Cartesian Product on `__mul__`

I think it looks very fine when you type {1, 2, 3} * {"a", "b", "c"} and get set(itertools.product({1, 2, 3}, {"a", "b", "c"})). So i am proposing set multiplication implementation as cartesian product.

On Jul 25, 2019, at 09:46, Batuhan Taskaya <isidentical@gmail.com> wrote:
I think it looks very fine when you type {1, 2, 3} * {"a", "b", "c"} and get set(itertools.product({1, 2, 3}, {"a", "b", "c"})). So i am proposing set multiplication implementation as cartesian product.
I think it might make more sense to reopen the discussion of using @ for cartesian product for all containers, for a few reasons. * The * operator means repeat on lists, tuples, and strings. While there are already some operator differences between sets and other containers, but it’s generally the types supporting different operators (like sets having | and &, and not having +) rather than giving different meanings to the same operators. Plus, tuples are frequently used for small things that are conceptually sets or set-like; this is even enshrined in APIs like str.endswith and isinstance. * (Ordered) Cartesian product for lists, tuples, iterators, etc. makes just as much sense even when they’re not being used as pseudo-sets, ordered sets, or multisets, and might even be more common in code in practice (which is presumably why there’s a function for that in the stdlib). So, why only allow it for sets? * Cartesian product feels more like matrix multiplication than like scalar or elementwise multiplication or repetition, doesn’t it? * Adding @ to the builtin containers was already raised during the @ discussion and tabled for the future. I believe this is because the NumPy community wanted the proposal to be as minimal as possible so they could be sure of getting it, and get it ASAP, not because anyone had or anticipated objections beyond “is it common enough of a need to be worth it?” I don’t think this discussion would need to include other ideas deferred at the same time, like @ for composition on functions. (Although @ on iterators might be worth bringing up, if only to reject it. We don’t allow + between arbitrary iterables defaulting to chain but meaning type(lhs)(chain(…)) on some types, so why do the equivalent with @?)

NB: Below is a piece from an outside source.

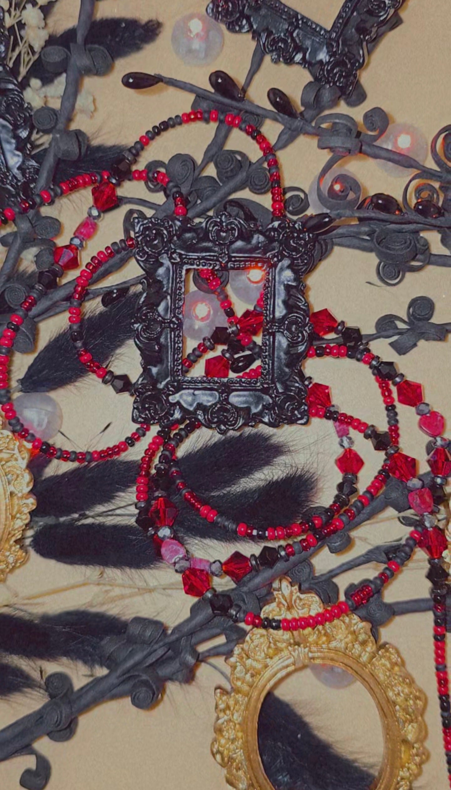 Vampire’s Kiss embodies the essence of dark desire — a handcrafted waistbead woven with fiery red crystals, matte black details, and grounding hematite. Each strand captures the moment where passion meets power, radiating confidence and magnetic allure.

On 25/07/2019 19.41, Andrew Barnert via Python-ideas wrote:
Adding @ to sets for Cartesian products *might* be reasonable, but giving @ a meaning other than matrix multiplication for ordered collections (lists, tuples) sounds like a terrible idea that will only cause confusion.

Batuhan Taskaya wrote:
I'm not sure this would be used frequently enough to justify making it a built-in operation on sets. I can't think of any situation where I've wanted to materialise a Cartesian product as an actual set object. Usually I'm iterating over it and doing something else, and we already have more flexible ways of doing that -- list comprehensions, nested loops, etc. Also, this would really only work sensibly for Cartesian products of two sets, not three or more. Writing s1 * s2 * s3 wouldn't give you a set of 3-tuples (a, b, c), but a set of 2-tuples ((a, b), c). Mathematicians usually gloss over this distinction, but in programming it becomes important. -- Greg

On Jul 25, 2019, at 14:57, Chris Angelico <rosuav@gmail.com> wrote:
The usual set-theoretic definition of tuples is just recursively as ordered pairs: () is 0, (a) is a, (a, b) is <a, b>, (a, b, c) is <<a, b>, c>, etc. So, you don’t have to gloss over anything; s1 * s2 * s3 gives you elements ((a, b), c), but those are identical to elements (a, b, c). The reason it’s important in Python is that Python tuples aren’t mathematical tuples (except maybe for len==2). But then Python sets aren’t infinite, don’t contain other sets, etc., so…
Both could be solved if the product of a set and a set was a "Cartesian product" object that just retains an iterator on each.
But then, when you actually want the nested product, would you have to write something like set(a*b)*c? More realistically, you’d probably be producting two things that you thought were independent objects, when it turns out that one is actually a product object wrapping two sets and you unexpectedly got a flattened product, and now have to debug why each game[1] is a player rather than a game number because each game is a (player, player, number) rather than a (dontcare, number)… Even more realistically, both desired possibilities would probably would come up so rarely that nobody would have a good intuition for what to expect, so a magic collapsing product object is probably a waste of effort. Because really, when you need N-way products, you almost always need either iterators or numpy in the first place. But if the OP has some good examples, maybe we can extrapolate from those instead of guessing what might be useful if examples existed. :)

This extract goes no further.